Jenna Aziz MD, Kukbin Choi MD
The Ohio State University Wexner Medical Center
August 31st, 2024
Abbreviations and Definitions
AF – Atrial fibrillation
BMI – Body mass index
BNP – Brain natriuretic peptide
CAD – Coronary artery disease
CAV – Cardiac allograft vasculopathy
DBD – Donation after brain death
DCD – Donation after circulatory death
DPP – Direct procurement and perfusion
EF – Ejection fraction
GDMT – Guideline-directed medical therapy
HBV – Hepatitis B virus
HCV – Hepatitis C virus
HF – Heart failure
HIT – Heparin-induced thrombocytopenia
HIV – Human immunodeficiency virus
ISHLT – International Society for Heart & Lung Transplantation
LVAD – Left ventricular assist device
LVAD/IABP – Left ventricular assist device/intra-aortic balloon pump
LVH – Left ventricular hypertrophy
MCS-D – Mechanical circulatory support devices
MMF – Mycophenolate mofetil (immunosuppressive agent)
NRP – Normothermic regional perfusion
NT-pro-BNP – N-terminal pro-B-type natriuretic peptide
NYHA – New York Heart Association
OCS – TransMedics Organ Care System Heart System
PVR – Pulmonary vascular resistance
RA – Right atrium/right atrial
rATGG – Concentrated anti-human T-lymphocyte immunoglobulin preparation derived from rabbits
TA-NRP – Thoracoabdominal normothermic regional perfusion
TPG – Transpulmonary gradient
UNOS – United Network for Organ Sharing (United States)

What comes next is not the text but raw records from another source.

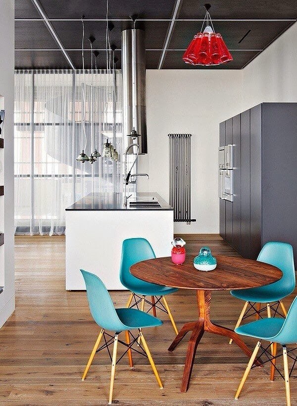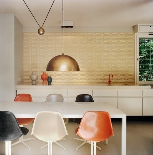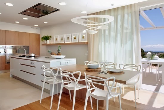 Hoy os traigo una selección de cocinas en las que las que la presencia de una o varías lámparas de marcado carácter confieren distinción al espacio, huelga decir que el resto de elementos decorativos contribuyen a esa distinción. Es importante saber respecto al diseño y amueblamiento de cocinas que lo más importante es que sean principalmente funcionales sin dejar de ser estéticas. Con líneas sencillas y muebles de presencia sutil acompañados de elementos decorativos, mesas, sillas o luminarias como las que os muestro podemos dar ese toque especial que deseamos sin renunciar a una cocina cómoda. Ahí es donde podemos dejar volar la imaginación y ser atrevidos...y obtener un resultado perfecto.
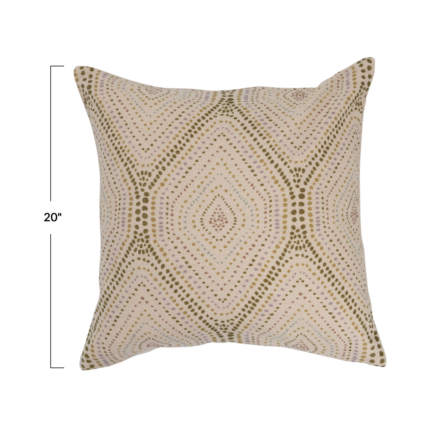 Catalog Name: 20" Square Cotton Slub Pillow w/ Dot Print, Multi Color
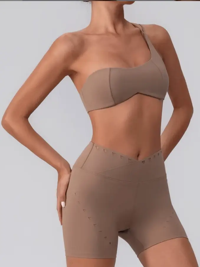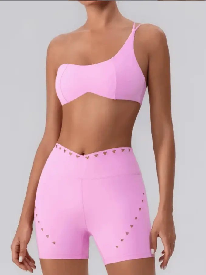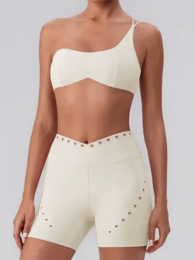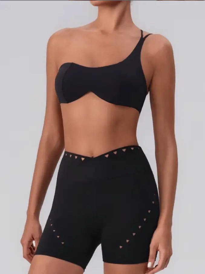 Fashion Oblique Shoulder Strap Chest Pad Push up Ladies Sports Set Sexy High Waist Hollow Short High Elastic Women Yoga Set
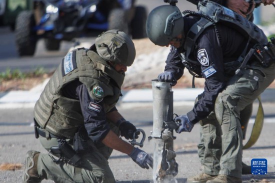 4月6日,在以色列北部的什洛米鎮(zhèn),安全人員處理一枚火箭彈。新華社/基尼圖片社

VA-ECMO – Venovenous-arterial extracorporeal membrane oxygenation
VAD – Ventricular assist device
WIT – Warm ischemic time
Indications & Guidelines for Management
Since Christiaan Barnard performed the first cardiac transplant on December 3rd, 1967, in Cape Town, South Africa, the field of cardiac transplantation has rapidly evolved. The current North American/United States guidelines for cardiac transplantation were published in August 2024 by the International Society for Heart & Lung Transplantation (ISHLT). The ISHLT Guidelines for the Evaluation and Care of Cardiac Transplant Candidates provide updates to the Society’s previous publications: Listing Criteria for Heart Transplantation: International Society for Heart and Lung Transplantation Guidelines for the Care of Cardiac Transplant Candidates—2006 and the 2016 International Society for Heart Lung Transplantation Listing Criteria for Heart Transplantation: A 10-year Update. ISHLT states this document “aims to provide tools to help integrate the numerous variables involved in evaluating patients for transplantation, emphasizing updating the collaborative treatment while waiting for a transplant, to improve the quality of care for heart transplant candidates” and highlights significant practice-changing developments concerning patient selection criteria, care of selected patient populations, and durable mechanical circulatory support (MCS).1
The updated guidelines emphasize an individualistic approach to selecting potential cardiac transplant candidates instead of relying on absolute contraindications. A psychosocial workup, a multidisciplinary team approach, and the roles of goal-directed medical therapy, temporary MCS, and durable MCS provide crucial insight into the existing indications for advanced heart failure (HF) interventions.1
In both chronic and acute settings, patients who exhibit clinical signs or symptoms of advanced HF should receive timely consideration for advanced HF therapies, including cardiac transplantation. The clinical markers that may suggest the development of advanced HF can be remembered by the mnemonic ‘I NEED HELP’, adapted from Baumwol 2017:2
- Inotropes
- NYHA III or IV and/or persistently high BNP or NT-pro-BNP
- End-organ dysfunction
- Ejection fraction <20%
- Defibrillator shocks – recurrent and appropriate shocks
- Hospitalizations – more than 1 in the last month
- Edema/escalating diuretics – persistent fluid overload and/or increasing diuretic requirement
- Low blood pressure – consistent systolic <90-100 mmHg
- Prognostic medication – uptitrated GDMT
Heart transplantation is typically considered for individuals with end-stage HF due to various causes, such as cardiomyopathy, or recurrent life-threatening arrhythmias that are unresponsive to conventional medical and surgical therapies. Objective indications for heart transplant criteria are noted in Table 1.1,3,4
Table 1: Objective Indications for Heart Transplant.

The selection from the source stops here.